It was not cold, and I would think regulator maintenance wouldn't be the likely culprit since it happened with 3 different operators, all in different countries. But whatever the cause may be, if I have this happen again, what should I do? Our DM/Instructor seemed to slap the mouthpiece against their palm to get it to stop. On one occasion (maybe 2) this didn't work, and they turned the valve off and on to get thee regulator working again. One time, they swapped out the regulator.

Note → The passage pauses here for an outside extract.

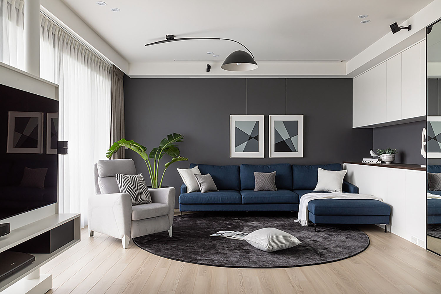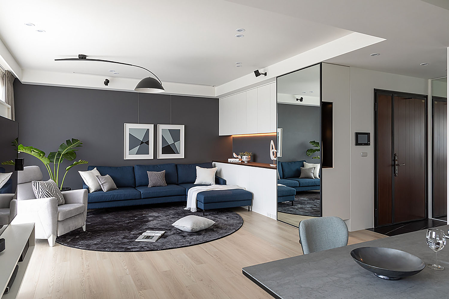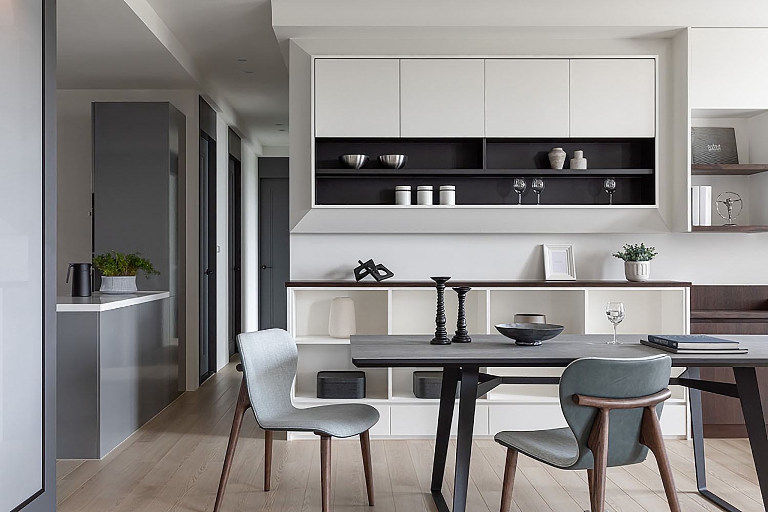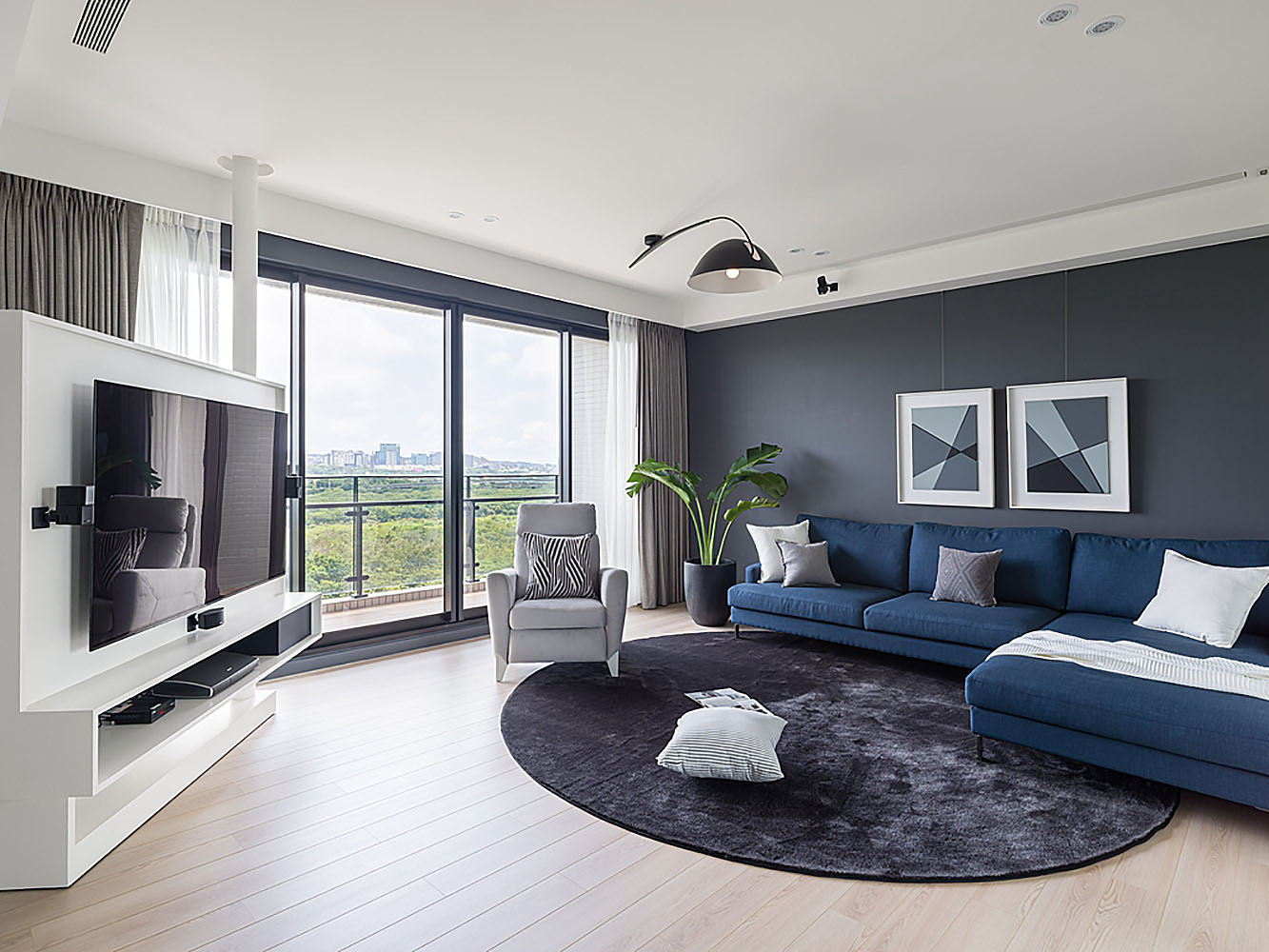本案業主為擁有兩個小孩的小家庭,喜好開放式通透的空間感,新居為4房2廳3衛,現代感帶點休閒的設計風格。新居位於河岸邊,擁有開闊的視野及良好的採光,設計規劃以灰黑為基底,再搭配淺色木地板,平衡冷與暖的比例。

Is this a problem that people have a "quick fix" for (ie. is tapping the mouthpiece a standard routine?), or is this a more serious problem? Since I don't want to rely on my DMs to fix these glitches for me, I'd like to know what the SOP should be under these circumstances. Also, have I just been unlucky in experiencing a serious problem so often (relatively speaking) or is this a common, minor problem that people deal with all the time and resolve in a few seconds?

First check you reg on land, if it is not working on land it is not going to work on the boat. The perfectly adjusted reg will breath very easy on land but not free flow. In the water it should free flow with the mouth piece facing up but it should stop when you point the mouth piece down. This is how you want your primary 2nd stage set not your octo, that should be set a little harder to breath as you do not want it to free flow during your dive. If it free flows more then that you can take the cover off and adjust the nut that holds the demand valve lever in place. In the case of free flowing loosen the nut a quarter turn and try the reg again. If it still free flows try loosening it another quarter turn and so on until you get the right adjustment. If this does not work then you have a parts problem and in the case of rented gear you will not have spare parts to fix it. The attached is a very simple view of how the second stage works. If you get to the point where you want to buy your own reg I would suggest the HOG as it was made to be easily serviced by the diver and HOG has courses to teach you exactly how to do that.

How its work - Scuba Dive Regulator 2nd Stage - www.Scubatraveller.com - YouTube
 
Last edited:
You might try smacking it. I had this happen to me last week on a dive. First dive was fine. On the second dive as I descended down to 70 feet my reg started to free flow. I simply took it out and smacked it and it worked fine. :)
 
Free flows are a mere inconveniance and with the ammont of practise you have had it should be a non issue. I tilt my head sideways during diving freeflows to keep the bubbles from dislodging/moving my mask while keeping the the reg about an inch away from my mouth.

With properly maintained gear this should very rarely happen. A quick adjustment to the cracking pressure should also help resolve most free flow issue. Some regs also have a pre-dive switch that reduces the CP to stops regs from freefowing at the surface.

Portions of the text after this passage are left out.